Steve McQueen is the sort of director who never seemed destined for studio filmmaking. His films, including the depressing sex-addiction themed Shame and the Best Picture-winning masterpiece, 12 Years a Slave, are uncompromising, brutal, and explicit to a point that would likely alienate mainstream audiences.
This makes the biggest surprise in Widows — a heist thriller laden with twists — that the film is a digestible crowd-pleaser. McQueen takes his directorial traits and uses them to create a meticulous and suspenseful thriller that feels like a combination of Heat and Set It Up. It’s refreshingly old-school in its execution, but filled with timely social content.
Screenwriter Gillian Flynn’s (Gone Girl, Sharp Objects) fingerprints are all over this film, which is loosely based on a BBC miniseries of the same name. In it, Viola Davis plays Veronica, the wife of a recently deceased career criminal (Liam Neeson) who stole $2 million from a politician with gang ties named Jamal (Brian Tyree Henry).
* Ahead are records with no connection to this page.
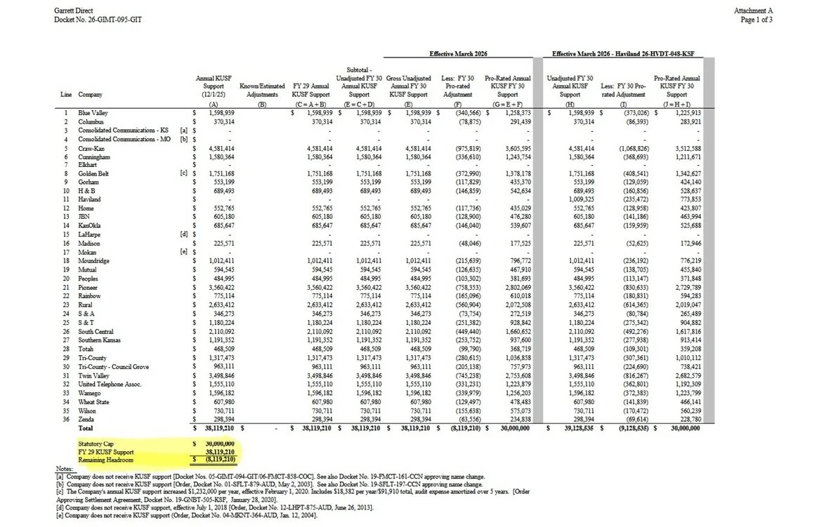 Additionally, the KCC has issued an Order adopting KUSF pro-rata support reductions for Kansas Rural Local Exchange Carriers (RLECs). Total KUSF support for RLECs is capped at $30 million, resulting in each RLEC’s being reduced on a pro-rata basis every year. Each RLEC’s revised pro-rata KUSF support reduction, monthly KUSF support, and cumulative annual KUSF FY 30 support is provided in Attachment A to KCC staff’s February 17th Report And Recommendation.
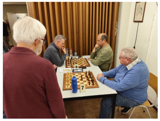 Peter met wit bereikte geen echt voordeel vanuit de opening en in het middenspel (hij heeft volgens de comp ook enige tijd wat minder gestaan), maar wist uiteindelijk toch een “rotte kies” op c5 aan te boren. De druk werd flink opgevoerd en toen ging zijn tegenstander de fout in waardoor hij niet één maar twee pionnen ging verliezen. Dat was al snel onhoudbaar.
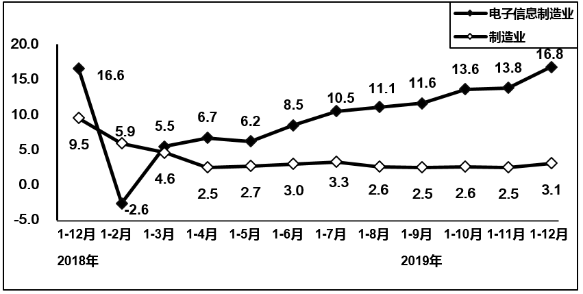 2019年,规模以上电子信息制造业增加值同比增长9.3%,增速比上年回落3.8个百分点。12月,规模以上电子信息制造业增加值同比增长11.6%,增速比上年提升1.1个百分点。
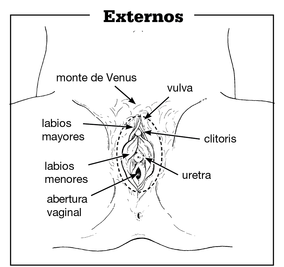 - Vulva, que es el término global para los genitales externos, indicada por una línea punteada que rodea las imágenes de los órganos
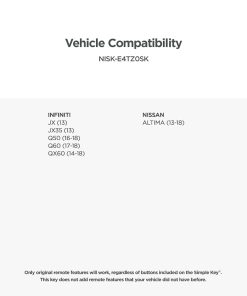 Simple Key es tu solución definitiva de bricolaje para el costoso reemplazo del control remoto de la llave de coche. El kit de programador de llaves y llave es fácil de instalar y usar. No se requiere ayuda adicional de un fabricante de controles remotos de llave de coche. Compatible con varias marcas y modelos de coches Simple Key con control remoto existente de 4 botones. (Nota: Solo las funciones y características de botones originales de fábrica funcionarán en tu vehículo). Cómo Usarlo: Utiliza nuestro sencillo programador para hacer un control remoto de llave de repuesto en minutos. Todo lo que necesitas es nuestro instalador EZ, tu control remoto de llave existente, y el nuevo control remoto inteligente proporcionado con tu pedido. Sigue estos sencillos pasos para activar. Activación de la llave: Introduce el código de activación correspondiente al año, marca y modelo de tu vehículo en la llave. Emparejamiento de la llave: Arranca el motor con tu llave existente. Conecta el programador de Simple Key. Sigue las instrucciones para programar el nuevo control remoto de la llave a tu vehículo. Opcional: Corta la hoja de la llave de acceso de emergencia. Esto se recomienda en caso de que la batería de tu vehículo o control remoto se agote. Olvídate de la molestia de un cerrajero o concesionario de automóviles. ¡Consigue ya tu kit de programación Simple Key! Haz un control remoto de llave de repuesto sin salir de casa.

Now, with Jamal breathing down her neck for the money her husband stole, Veronica decides to utilize plans her husband left behind to pull off a heist worth $5 million.
Her crew: the widows of her husband’s partners, including a single mom struggling to keep her store open (Michelle Rodriguez) and a trophy wife turned escort (Elizabeth Debicki). The titular widows are fascinating, complex characters that would feel right at home in one of Flynn’s novels, while each member of the large supporting ensemble is memorable in their own right.
Veronica is a particularly complicated protagonist, and the best screen role Viola Davis has been given since breaking onto the scene almost ten years ago. In some ways, it plays to all her best characteristics as a performer: the trailers and TV spots all hinge around her line, “No one thinks we have the balls to pull this off,” while other scenes find her critiquing her crime-mates for crying or running late.
Fans of the “stern Viola Davis” persona will leave the theater happy, but there is an undercurrent of desperation and pain in all of her scenes—particularly when she’s alone. As Flynn unfolds Veronica’s tragic backstory, and reveals her true intentions in pulling off the heist, Davis creates an emotional through-line for what could have been a cold, calculated thriller. The emotional bursts are short, yes, but Davis makes them all land.
But Widows is one of those films where virtually every character with a speaking role is played by a recognizable face. Elizabeth Debicki is the closest the film has to a co-lead, and she kills every one of her scenes in the sort of scene-stealing turn that should push her into the echelon of A-list stars. Cynthia Erivo, meanwhile, continues her great year onscreen as someone the widows recruit to help with the job. This is a quiet, intensely physical performance that Erivo totally sells.
And then there are the villains. Henry is intimidating whenever he’s on screen, but its Daniel Kaluuya who emerges as the more memorable antagonist. He’s terrifying whenever he’s onscreen, with Kaluuya’s physical choices and cold stare selling what could have been cartoonish in another performer’s hands.
Elsewhere, Robert Duvall and Colin Farrell play a father-and-son political duo who only care about the more gentrified sections of their district. Both actors are appropriately smarmy, but feel like real politicians (thankfully, they don’t just riff off Trump in their performances).
But we’re not done yet: Liam Neeson sheds his Taken persona in a solid supporting turn. Jacki Weaver creates a dimensional character with less than five minutes of screen time; Jon Berenthal does the same in one. Garret Dillahunt (TV’s Raising Hope) has a few wonderful scenes as Veronica’s chauffeur. Lukas Haas of Witness and, most notably, The Pussy Posse, plays one of the most interesting dirtbags onscreen this year. The only performer who doesn’t quite hit a home run here is Michelle Rodriguez, who can’t quite sell her dramatic moments. But, in the physically demanding scenes, she’s almost unmatched.
The real star here, though, is Flynn’s screenplay. While her novels are also meticulously detailed, the screenplay for Widows is an absolute juggling act. There are so many subplots, story threads, and seemingly random character details that feel unconnected until the final act, where they come together beautifully. While the story is never confusing, it throws a lot of information at you at once.
Flynn makes sure to reward attentive viewers with a thought-out screenplay that’s supremely entertaining and well paced. She also peppers the film with many major social issues that set it firmly in 2018: police brutality, race relations, corruption in politics, and sexual harassment all play key parts in the story without ever becoming a “message movie,” so to speak. Flynn simply understands that it’s almost impossible to separate the personal from the political and decides to write her movie around that universal truth.
In many ways, Widows serves as a message to art house filmmakers: it’s possible to create a commercial movie without compromising your artistic vision. While not quite as powerful as 12 Years a Slave, and not as contemplative as Shame thinks it is, Widows is a rarity in Hollywood circa 2018. A popcorn thriller with a stacked cast, smart screenplay, auteurial direction, and political overtones? Now that’s something to be thankful for this month.
Rating: 9/10
Widows is currently playing in theaters nationwide.